▶ Problem description
Below are records to retype exactly, except for the pictures.

(Beginning of Supplied records)

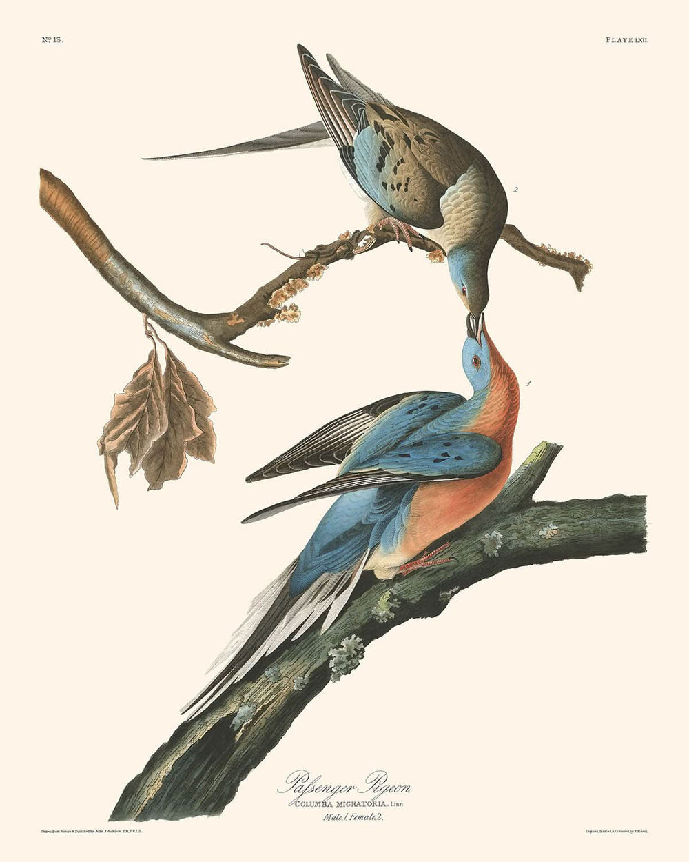 Passenger Pigeon (Plate 62) is a captivating illustration by John James Audubon, first published in 1827 as part of his monumental work, The Birds of America. This piece stands as a testament to Audubon’s extraordinary skill in capturing the natural world, both in its vibrant detail and its evocative portrayal of one of nature's most remarkable avian phenomena—the formerly abundant Passenger Pigeon, scientifically known as Columba migratoria.
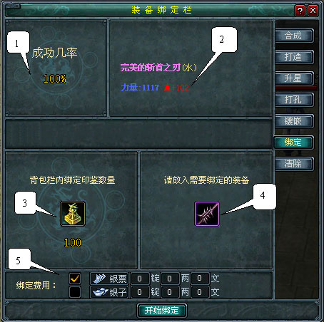 4.装备:玩家放入需要进行绑定的装备。支持右键以及拖拽操作。
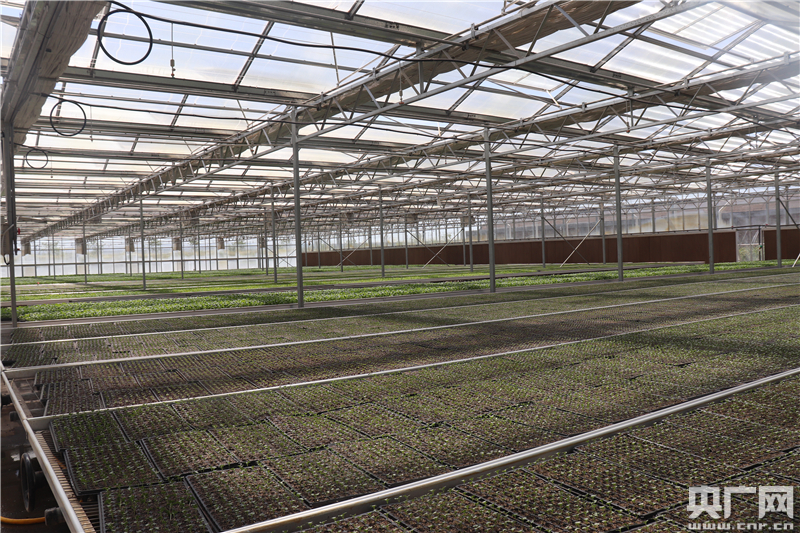姚磨冷涼蔬菜示范基地集生產(chǎn)、育苗、加工、冷鏈、銷售為一體,采用“合作社+基地+農(nóng)戶”的運(yùn)營模式,創(chuàng)立了統(tǒng)一規(guī)劃、統(tǒng)一育苗、統(tǒng)一種植、統(tǒng)一服務(wù)、統(tǒng)一管理、統(tǒng)一銷售的“六統(tǒng)一”發(fā)展模式。圖為姚磨冷涼蔬菜示范基地的育苗室。(央廣網(wǎng)記者 母晨靜 攝)
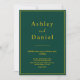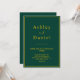 Dieses elegante, grüne und goldene Hochzeitsangebot eignet sich perfekt für eine moderne Hochzeit, das schlichte Design zeichnet sich durch elegante goldene Kalligraphie auf grünem Hintergrund aus.
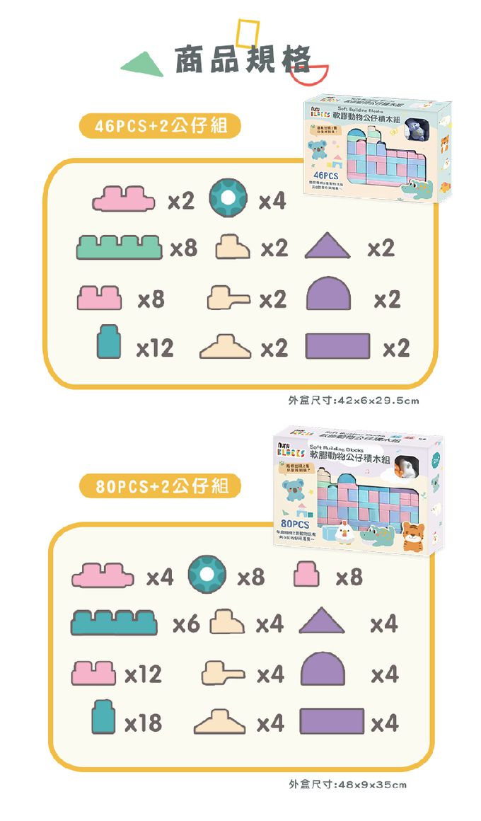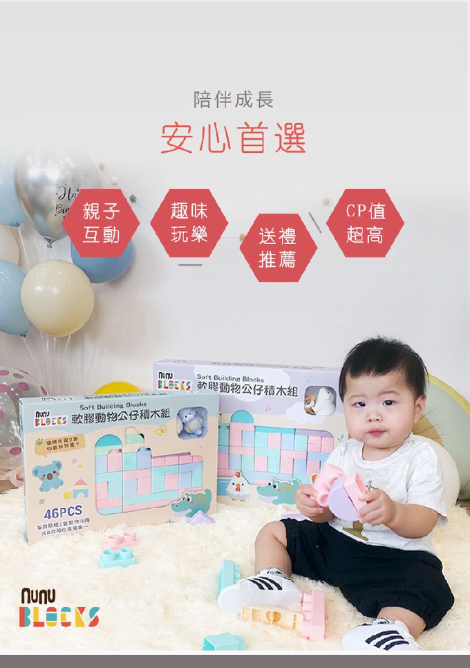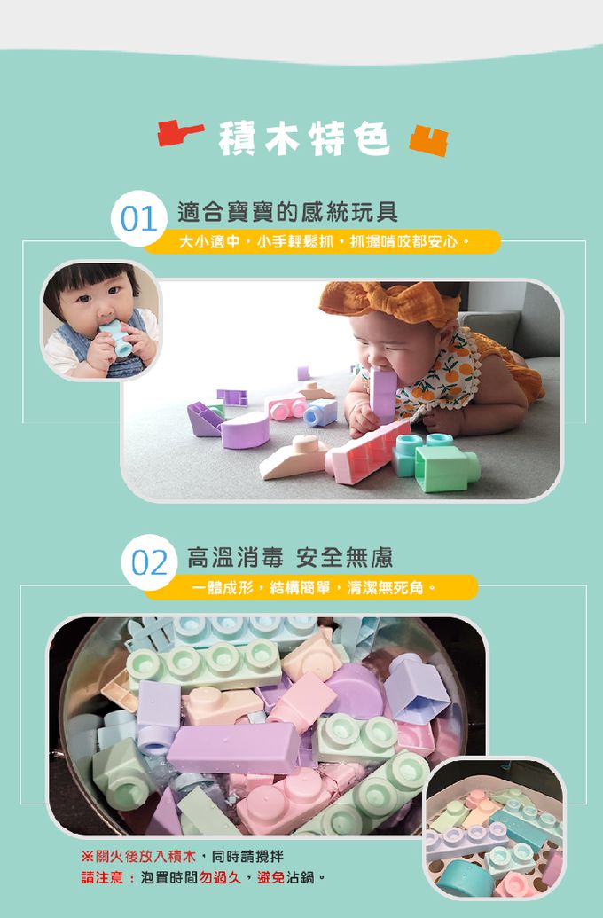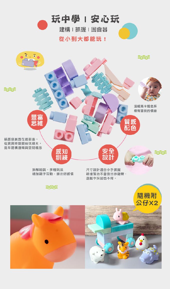 ▲ 寶寶玩具首選的第一組感統玩具▲ 大小適中,寶貝輕鬆抓握▲ 質地柔軟Q彈、圓潤邊角設計▲ 一體成形,結構簡單,清潔無死角▲ ST檢驗合格,可使用高溫消毒(切勿放入鍋水烹煮)※ 產品內所附動物公仔為角色扮演之玩具,請避免讓小孩放入口中啃咬。
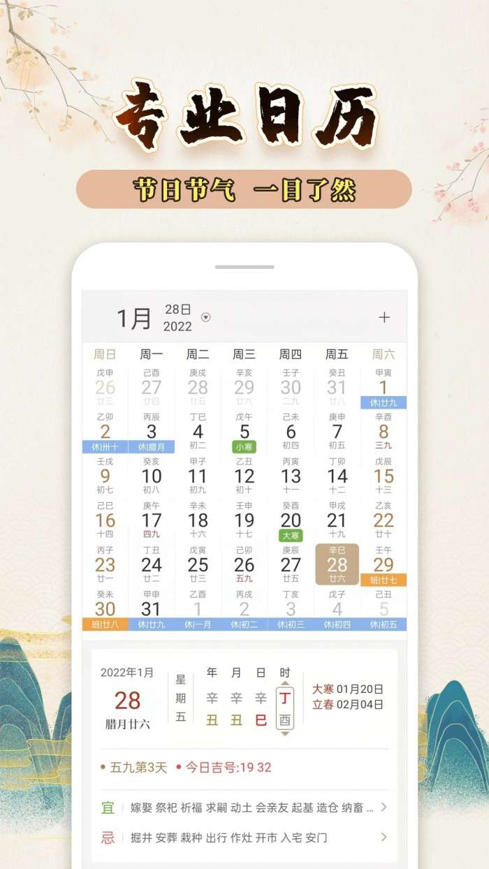 2、生活助手:提供实用的日期查询和年历吉凶功能,帮助用户合理安排日常生活。
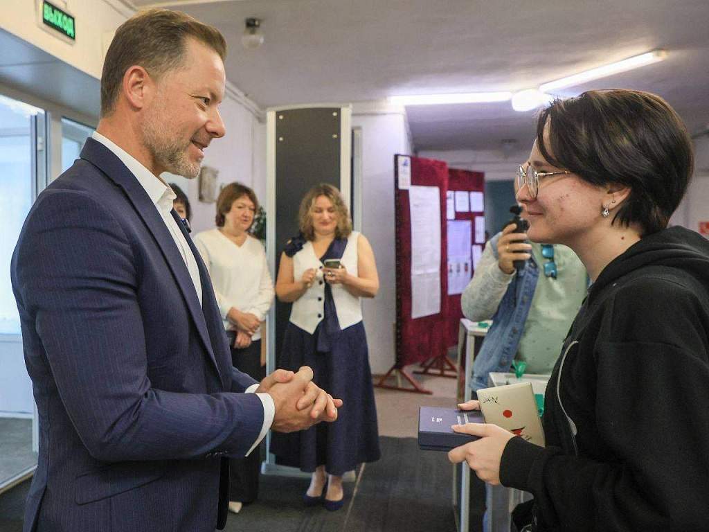 Был рад видеть на участке 18-летнюю Ульяну Бортник — она впервые сегодня проголосовала. Трогательный момент. Подарил ей небольшой сувенир от Законодательного собрания и поздравил с первым осознанным шагом гражданина.

(End of Supplied records)

▶ Written answer
 Passenger Pigeon (Plate 62) is a captivating illustration by John James Audubon, first published in 1827 as part of his monumental work, The Birds of America. This piece stands as a testament to Audubon’s extraordinary skill in capturing the natural world, both in its vibrant detail and its evocative portrayal of one of nature's most remarkable avian phenomena—the formerly abundant Passenger Pigeon, scientifically known as Columba migratoria.
 4.装备:玩家放入需要进行绑定的装备。支持右键以及拖拽操作。
姚磨冷涼蔬菜示范基地集生產(chǎn)、育苗、加工、冷鏈、銷售為一體,采用“合作社+基地+農(nóng)戶”的運(yùn)營模式,創(chuàng)立了統(tǒng)一規(guī)劃、統(tǒng)一育苗、統(tǒng)一種植、統(tǒng)一服務(wù)、統(tǒng)一管理、統(tǒng)一銷售的“六統(tǒng)一”發(fā)展模式。圖為姚磨冷涼蔬菜示范基地的育苗室。(央廣網(wǎng)記者 母晨靜 攝)
 Dieses elegante, grüne und goldene Hochzeitsangebot eignet sich perfekt für eine moderne Hochzeit, das schlichte Design zeichnet sich durch elegante goldene Kalligraphie auf grünem Hintergrund aus.
 ▲ 寶寶玩具首選的第一組感統玩具▲ 大小適中,寶貝輕鬆抓握▲ 質地柔軟Q彈、圓潤邊角設計▲ 一體成形,結構簡單,清潔無死角▲ ST檢驗合格,可使用高溫消毒(切勿放入鍋水烹煮)※ 產品內所附動物公仔為角色扮演之玩具,請避免讓小孩放入口中啃咬。
 2、生活助手:提供实用的日期查询和年历吉凶功能,帮助用户合理安排日常生活。
 Был рад видеть на участке 18-летнюю Ульяну Бортник — она впервые сегодня проголосовала. Трогательный момент. Подарил ей небольшой сувенир от Законодательного собрания и поздравил с первым осознанным шагом гражданина.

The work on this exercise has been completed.